Although variation in transmission time and membrane time constants play a role in limiting phase-locking, other mechanisms also exist to enhance phase-locking, particularly at low frequencies. Recent evidence has shown that bushy cell types in the anteroventral cochlear nucleus (AVCN) of the cat are able to phase-lock in a more precise manner and show higher entrainment capabilities than AN fibres for frequencies below 1000 Hz (Joris et al., 1994a, Joris et al., 1994b). This improved ability to process temporal information may be related to convergence and coincidence detection of AN input to the AVCN (Carney, 1990, Joris et al., 1998). This increase in phase-locking ability is seen in bushy cell types of the AVCN, in particular globular bushy cells (Joris et al., 1994a, Joris et al., 1994b). Globular bushy cells send excitatory input via the trapezoid body to cells in the contralateral medial nucleus of the trapezoid body (MNTB; Banks and Smith, 1992).

Anatomically and physiologically, the principal cells of the MNTB closely resemble the bushy cells of the AVCN (Morest, 1968, Smith et al., 1998). Calyces of Held are present on the soma of both cell types (Cant and Morest, 1979, Lorente de Nò, 1933, Lorente de Nò, 1981, Banks and Smith, 1992, Lenn and Reese, 1966, Smith et al., 1998). In response to tones, AVCN bushy and MNTB principal cells bear the hallmarks of the primary-like (PL) and primary-like with notch (PL_N) unit types (Smith et al., 1998, Wu and Kelly, 1993). Short time constants and highly non-linear current–voltage relationships are also features shared with the bushy cells (Banks and Smith, 1992, Wu and Kelly, 1991, Wu and Kelly, 1993, Manis and Marx, 1991, Paolini et al., 1997, Paolini and Clark, 1998, Oertel, 1999) which enable them to reproduce rapid trains of action potentials.
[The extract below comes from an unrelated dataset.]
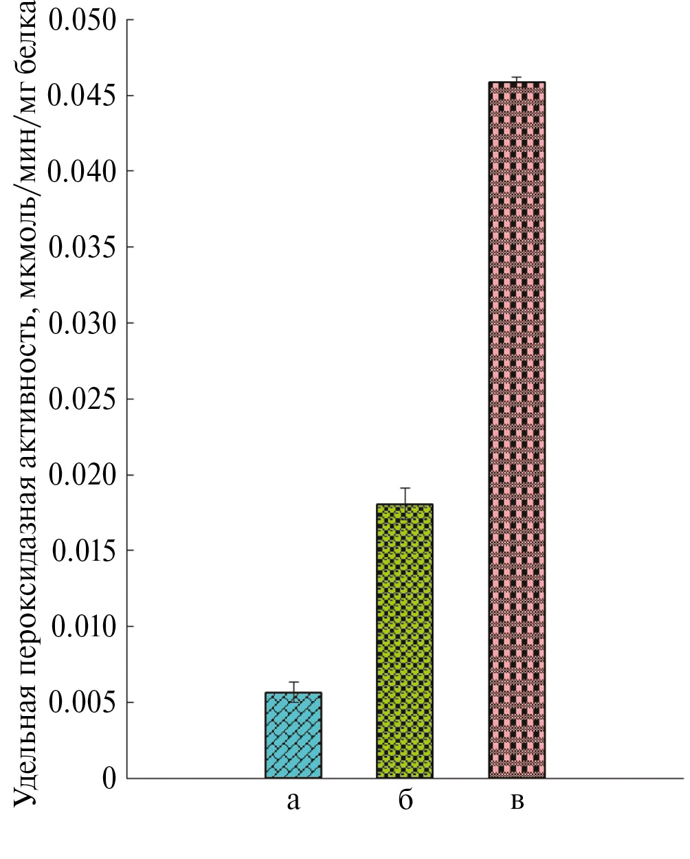 Влияние органических загрязнителей на активность пероксидазной системы сорго определяли путем добавления в среду трехкольцевых ПАУ. На наличие количественных изменений указывали показатели удельной пероксидазной активности ферментных препаратов. В частности, было установлено, что активность очищенной МКП из проростков, выращенных в среде с добавлением фенантрена и антрацена, по отношению к АБТС превышала контрольные значения в 3 (рис. 6б) и 8 раз (рис. 6в) соответственно.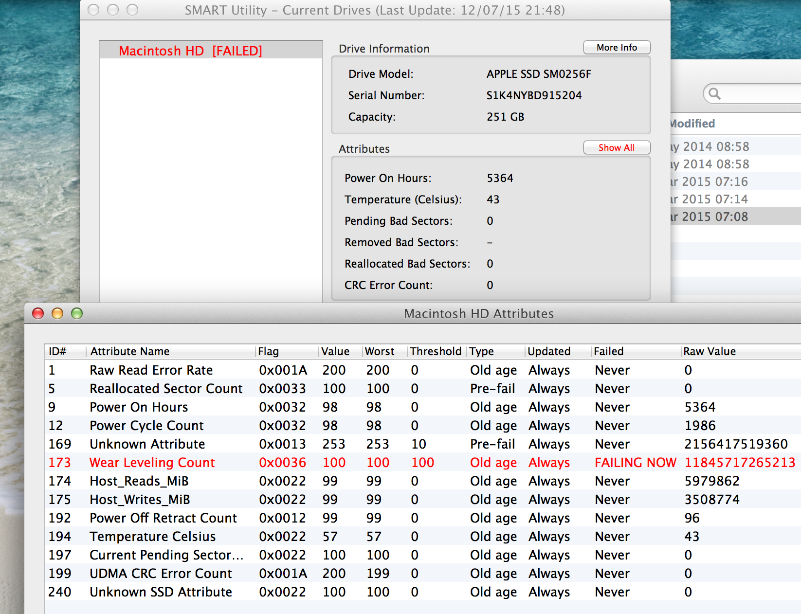 But when i installed "SMART Utility" I saw that the only attribute failing is "Wear leveling count".

The similarities of the bushy cells and MNTB principal cells give the impression of a pathway for precise processing of the temporal code. In this investigation we will determine the limiting frequency for temporal coding in the rat assessed in this pathway. A fixed degree of temporal imprecision produces a wide variety of vector strengths, depending on the stimulus frequency. Köppl (1997) introduced ‘temporal dispersion’, a measure of the temporal spread of action potentials. The two critical advantages of using temporal dispersion rather than vector strength are that temporal dispersion can be compared across frequencies, and that the manner in which vector strength varies with frequency may be understood in terms of a fixed or frequency-independent degree of temporal imprecision. In this paper we introduce an improved measure of temporal dispersion.